According to US Treasury Secretary Scott Bessent, the customs policy now aims, on the one hand, as under Ronald Reagan and Trump 1.0, to secure improved market access and tribute guarantees for intellectual property, not least for Silicon Valley tech companies, and, on the other hand, to attract capital from around the world with the US domestic market and local tax cuts and subsidies. In addition, the aim is to make the US dollar cheaper as a global currency in order to reindustrialize the US and reduce the current account deficit.

However, none of this applies in relation to China. What can be used as a means of blackmail against other countries—Bessent refers to this as a “negotiating tactic”—is an end in itself when it comes to China, whose rise the US government wants to prevent across all administrations. The model here is again Reagan and his policy toward high-tech rival Japan. US policy toward Japan resulted in several decades of stagnant growth, even deflation. In relation to China, however, the US is misjudging the balance of power and China’s capacity for retaliation.

China has responded to US tariff policy with retaliatory tariffs of 125 percent, export restrictions on rare earths, on which the US automotive and defense industries depend, import restrictions on Hollywood films, an import ban on Boeing aircraft, and special sanctions against US companies. The People’s Republic is demonstrating its strength. The CCP has systematically prepared for this moment with its immense state planning resources. Sure, the tariff policy is also hitting the People’s Republic hard in a situation of comparatively low growth, rising (youth) unemployment, and a smoldering real estate crisis. But there are signs that China holds the better hand.

The People’s Republic knew what to expect from a second Trump presidency. Anti-China rhetoric was already dominant in the 2016 election campaign. It was the far-right media mogul Steve Bannon who advised Trump to pursue economic nationalist policies that blame China for the industrial decline of the US. This helped Trump win the election in the so-called rust belt. Once in power, Trump 1.0 launched a trade war against China that was intended to cut China off from access to microchips that it cannot or could not yet produce itself.

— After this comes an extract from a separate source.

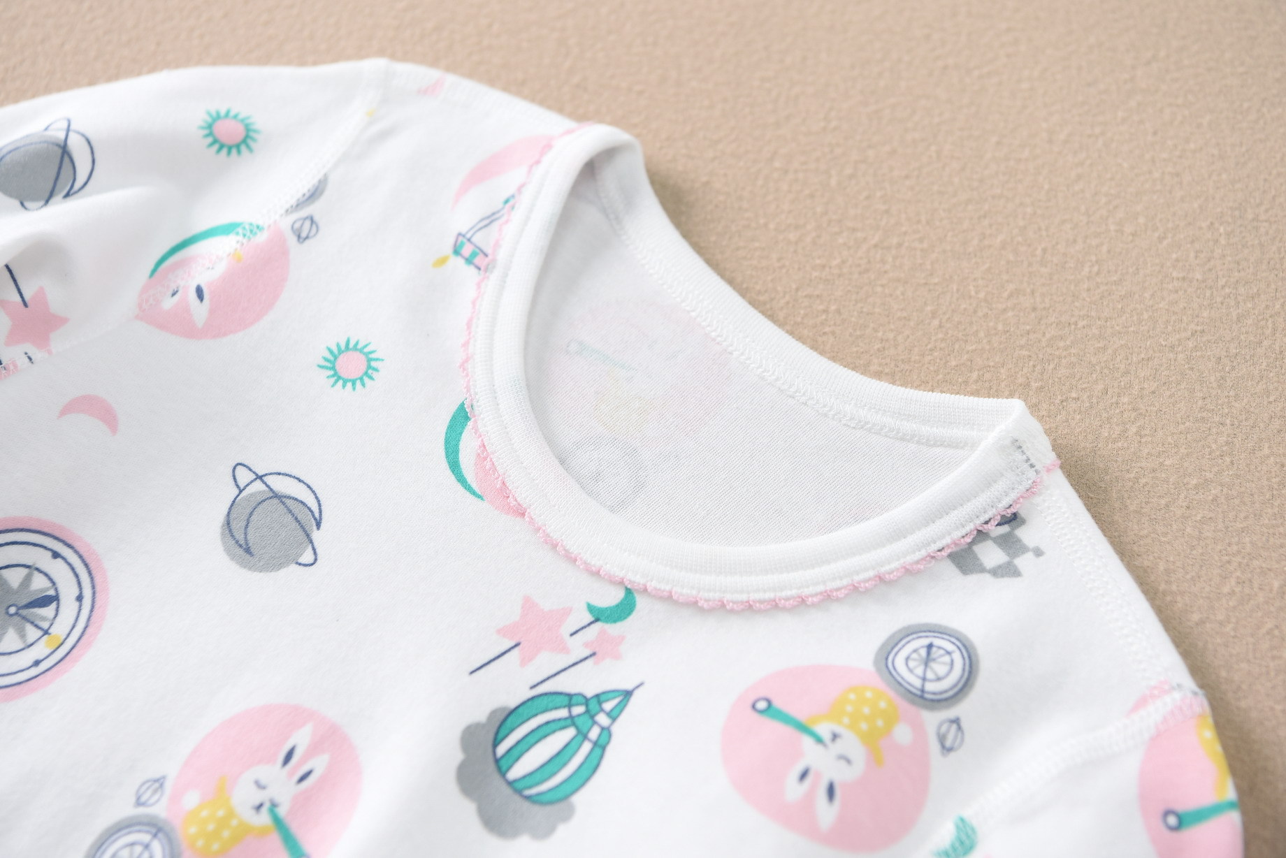 女孩领口袖口脚口都是包边哦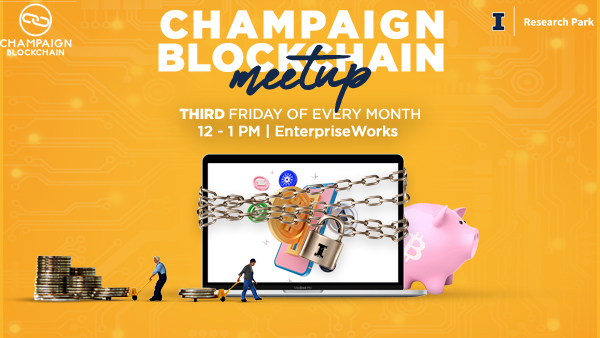 Held on the third Friday of the month, 12:00 to 1:00 PM. For more information and to RSVP, please visit the Champaign Blockchain Meetup page.

The Chinese state has responded quite successfully to the US’s strategies to defend its supremacy and contain China’s rise: The decision to systematically invest in renewable energies and become independent of fossil fuels from the Middle East was linked to the US war in Iraq, which was intended to secure global fossil fuel resources against any competitors, including the EU, which was expanding eastward. The eleventh five-year plan (2006-2011) then saw the start of exponential growth in gigawatt production from wind and solar energy. By the beginning of the twelfth five-year plan (2012-2017), China had already overtaken the US, and by the end of the plan, it had also overtaken Europe. The foundations for China’s e-revolution had been laid, and with them the foundations for a foreign economic policy that increasingly focuses on the BRICS countries and the Global South and breaks away from unilateral dependence on the US and EU domestic markets.

China took the wind out of Obama’s military forward positioning with three measures: In 2012, the 18th CPC National Congress decided to strengthen the development of the domestic market, to which the anti-poverty campaign, which has created the world’s largest middle class with a total of 770 million people, is making a significant contribution. Even today, the CPC sees “new urbanization,” which is expected to bring about higher individual consumption, not least of public services, as a key antidote to the US trade war. With the Belt and Road Initiative adopted in 2013, China is not only increasingly shifting its trade routes to Eurasia, but also establishing its economic model in this economic area.